Into the Still Blue Page 8


They were so different, inside and out, but they stood exactly the same way. Arms crossed. Ankles crossed. Their posture somehow both relaxed and alert. It was as close as they’d come to each other since Roar’s return.

“Like how they used to be,” Brooke amended.

“Has this ever happened before?”

“Never. And I hate it.”

Incredible. They actually agreed on something.

Aria rested her head against the wall and closed her eyes. The Hover hummed along, and the journey had turned smooth, but she knew it wouldn’t last.

A team, Reef had called them earlier. But they weren’t. Not even close.

They were six people with at least a dozen different agendas between them.

It didn’t matter. It couldn’t matter.

They needed to rescue Cinder. They needed a heading, and they needed Hovers to reach the Still Blue.

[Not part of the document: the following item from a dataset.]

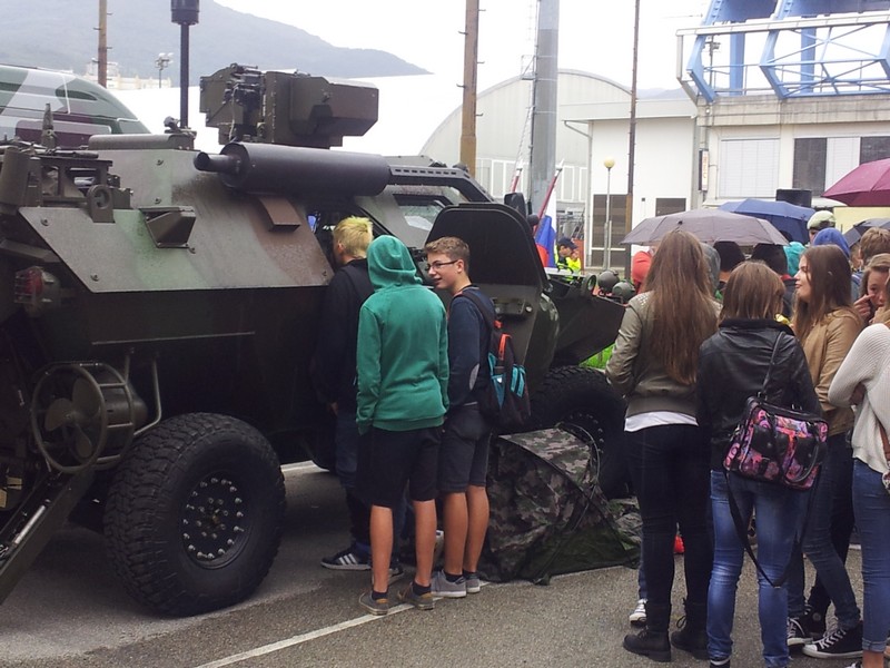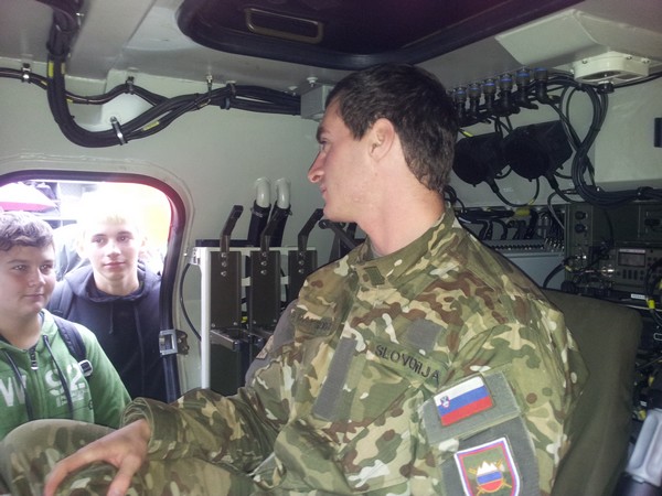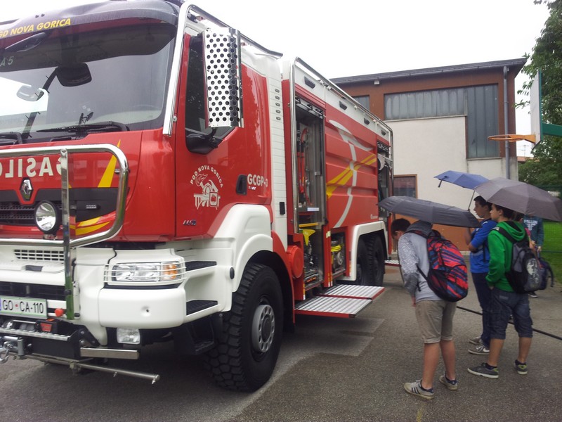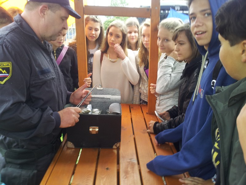 gasilci pokazali nekaj primerov intervencij, npr. v primeru razlitja nevarnih snovi, vžiga plinske jeklenke, gorenja olja… Povedali so nam tudi, kaj moramo mi storiti v takih primerih. Čez nekaj časa, smo si ogledali še prikaz reševanja z visokih objektov (v tem primeru so se reševalci z vrvjo spustili z reflektorja na stadionu) in vojaško vozilo-KOBRO, sodobna gasilska vozila ter nekaj drugih vojaških pripomočkov. Našemu razredu so reševalci iz rdečega križa prikazali še oživljanja in nam predstavili poseben šotor za reševanje, medtem ko so si drugi učenci ogledali delo službenih psov, ki pomagajo vojski in policiji pri obvladanju nasilnežev in iskanju drog in eksploziva. Vse skupaj je bilo zelo zanimivo in ob vsem smo si lahko priznali, kako dobro usposobljene so naše varnostne sile, ki nam stojijo ob strani v naravnih in drugih nesrečah. Za kratek čas smo si lahko ogledali še tekmovanje v poslušnosti reševalnih psov, na katerem je sodelovalo skoraj 20 držav iz vseh koncev sveta. Ob odhodu smo se posladkali še s domačim piškotom in jabolko, ki smo jih dobili na stojnicah, tako da smo lažje odkorakali proti šoli.

Her eyes fluttered open, finding Roar.

They needed revenge.

8

PEREGRINE

Soren set the Belswan down in a clearing with a distance of about thirty miles between them and the Komodo. They decided to hike to a vantage point and observe from a safe distance.

Perry asked Roar to watch over the Belswan. Someone needed to guard it, and Perry needed Brooke for her eyes.

Roar agreed with a shrug, and Jupiter offered to stay as well. Perry waited outside, hoping Soren would stay too, but he emerged from the Belswan, jogging down the ramp behind Aria and Brooke.

Soren still wore his pale gray Dweller clothes, which would make him stand out like a whale in the woods, and he had a forty-pound pack taken from the supply room slung over his back.

Perry shook his head. “We’ll be back by tonight. You know that, right?”

Soren shot him a seething look and marched on.

They climbed to a cluster of stone outcroppings at the top of a hill. The spot would give them plenty of cover. Most importantly, it offered a clear view of the valley. The Komodo itself lay hidden behind a small slope in the distance. Hess and Sable would surely have sentinels posted along that ridge, and possibly also a patrol.

Perry sat beside Aria on the same rock, settling in to watch. They planned to assess their options from afar before moving closer.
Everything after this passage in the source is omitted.